辛明(加拿大): 对联趣话
对联是中文文学独有的文学体裁。它具有短小精悍、言简意赅、易学难精、雅俗共赏等特点。历史上,“俗人”对对联胜过“雅人”的趣话很有一些。话说两个士大夫外出郊游,见一伙役夫同心协力把一个石头雕像树立起来。士大夫甲灵机一动,出了一个上联:“十人立石人,十人力石人立。” 士大夫乙想了一路,对不出下联。回到家里还垂头丧气、冥思苦想。夫人问明原委,也为官人着急。突见一个小丫头在啃鸭头。鸭头味道不好,丫头面露苦涩状。夫人虽一字不识,却得了下联:“丫头衔鸭头,丫头嫌鸭头咸。”虽然不算十全十美,也算给丈夫挣回了面子。
一个“雅人”甚至可以败在多个“俗人”手下。一阔人在庭院请客人赏树。客人口出上联:“庭种松柏,松百棵、柏千棵。”阔人无法作答,倒是挑着担子到他家来送菜的佃户救了他。佃户答曰:“肩挑葱韭,葱九把、韭十把。”正好有船家给他家送油漆,船家又给了他另一解:“船装油漆,油七桶、漆八桶。”
初出茅庐的小人物击败大人物的轶事就更多了。明代大名士解缙(1369-1451,后为洪武进士)青年时代穷困撩倒。有次去做客,席间两个当地名流高谈阔论。才高气盛的解缙不免也要搭腔。名流之一火了,开口说出上联:“两猿伐木深山中,小猴子岂敢对锯(句)”。解缙针锋相对,对答如流:“一马陷足污泥内,老畜牲怎能出蹄(题)”。对仗工整,才思敏捷,并且痛骂了不可一世的当地名流,使他们既感到自讨没趣,又只能甘拜下风。
看到这里,你千万不要以为对联只是一种文字游戏,只有娱乐作用,干不了正事。实际上,表达政治意念是对联更为重要的功能。明代东林党人有一副名联:“风声雨声读书声、声声入耳;国事家事天下事、事事关心。”该联所表达的读书求知、关心国是的豪情壮志世世代代激励着中国知识分子。邓拓的《燕山夜话》中有一篇杂文就专谈这一对联。

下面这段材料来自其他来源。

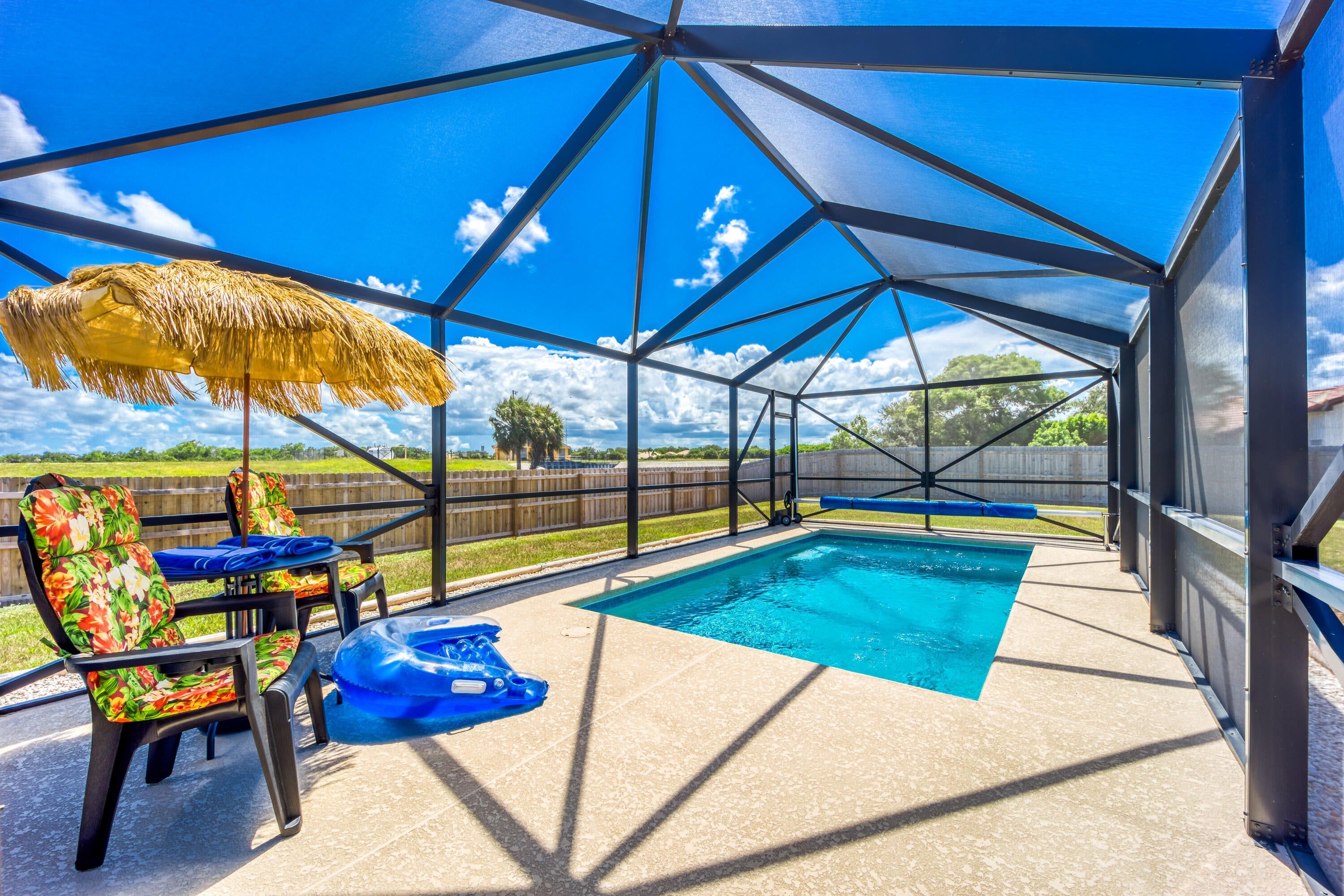 Heated, Inground, Gunite, Screened, Solar Heat, Equipment Included, Concrete, Salt Water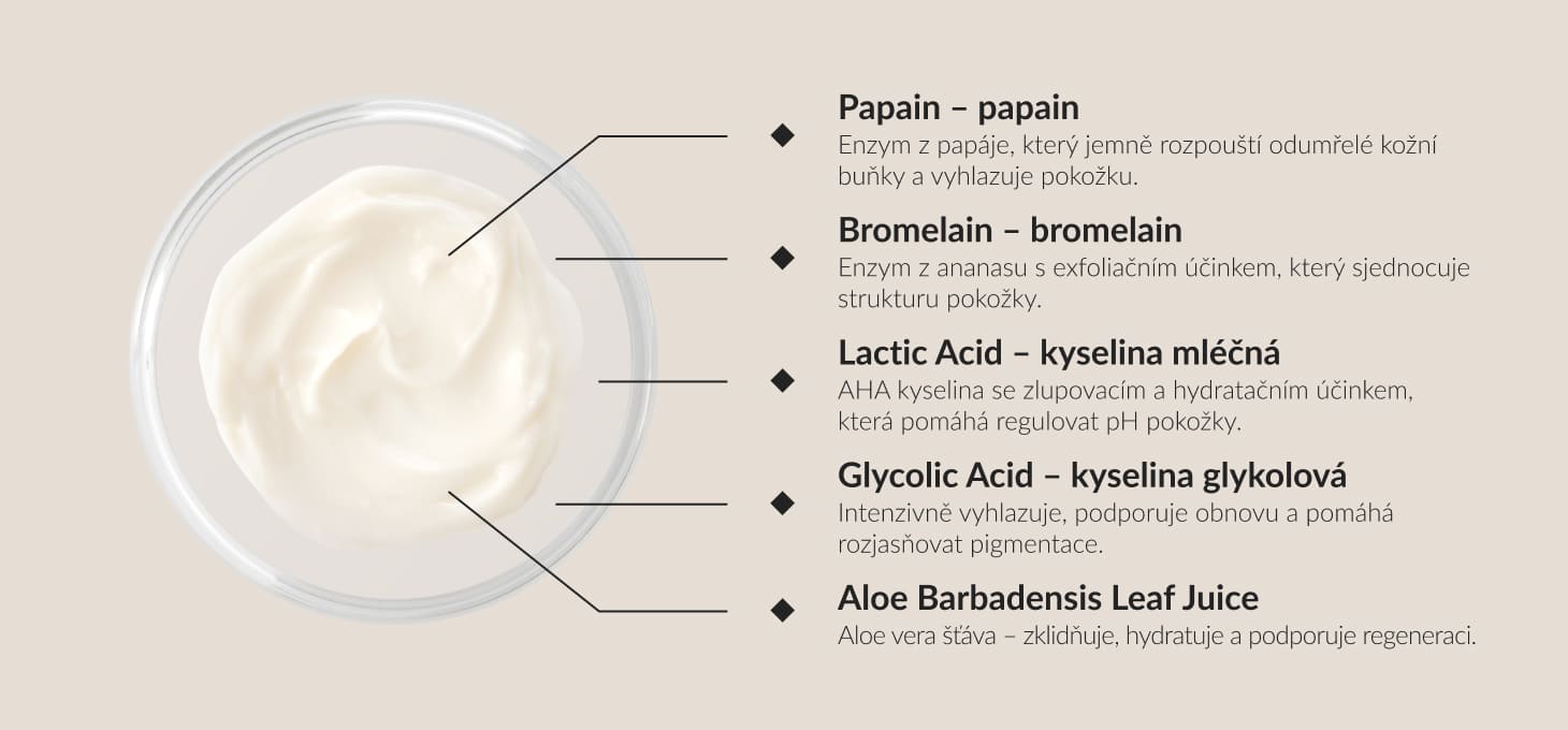 Enzym z papáji, jemně rozpouští odumřelé kožní buňky a vyhlazuje pleť.

另有一副名联全由数字组成(据说为扬州八怪之首郑板桥所作,存疑。请博闻强记者指正)。上联曰:“二三四五”,下联曰:“六七八九”,横批为:“南北”。其意为“缺衣少食无东西”,即贫困之极也。在三年大饥荒中,一个地主份子把它当春联贴在门上,被人识破,由于他“污蔑了中国人民在伟大的社会主义祖国的幸福生活”,按现行反革命罪被抓入了大牢。
八九民运时,学生要求与政府进行民主对话。共产党政府没有勇气与学生进行实质性对话,派出国务院发言人袁木、高教部副部长何东昌、北京市委常委兼秘书长袁立本与学生纠缠。广大学生对袁木等人的胡搅蛮缠极为不满,在校园内贴出对联:“如此对话国家何时东昌;这副嘴脸政府无缘立本”,横批是,“缘木求鱼”。这幅妙联既批判了共产党政府的无赖嘴脸,又把袁木、何东昌、袁立本三人的名字嵌入其中,充分显示了民运学生的智慧。
中共不谈保护自然、尊重自然,只搞改造自然、征服自然,严重破坏了生态系统,终于引起大自然的报复,使中华大地水患连年。为此,国内流传一副对联:“长江嫩江松花江江江泽民;太湖巢湖洪泽湖湖湖惊涛。”把中共第三代党魁江泽民和第四代党魁胡锦涛的名字嵌入联内,令人拍案叫绝。
有的对联挂在那里,字字认识,但不知所云。据说山海关一庙有一副楹联,曰:“朝朝朝朝朝朝朝;长长长长长长长。”几百年来无人能够读通。最后是大才子(也是大奴才)郭沫若才把它读通。郭才子的读法是:“朝潮朝潮朝朝潮;常涨常涨常常涨。”也就是说:早潮早上来潮天天早上来潮;常涨经常涨潮经常经常地涨潮。
有的对联是很难对好的。抗日战争胜利后,《大公报》曾经搞过一个征联比赛。上联是:“四川成都重庆新中国”。得到的应征下联成千上万,最后却只评出了一个三等奖:“江苏无锡宜兴旧茶壶”。此联虽然对得工整,但是与上联所表达的抗日战争胜利后的节庆气氛实在太不相称。但是,它毕竟得到了三等奖。也就是说,《大公报》的评委们在成千上万的应征下联中居然找不到比它更好的。
有的上联是无法对下联的。据说在北京大学的课桌上,有人写出了一个上联:“近世进士尽是近视”,意思是说现代的大学生全是一些近视眼。八个字两个音,至今还没有人对出令人满意的下联。这种上联堪称千古绝对。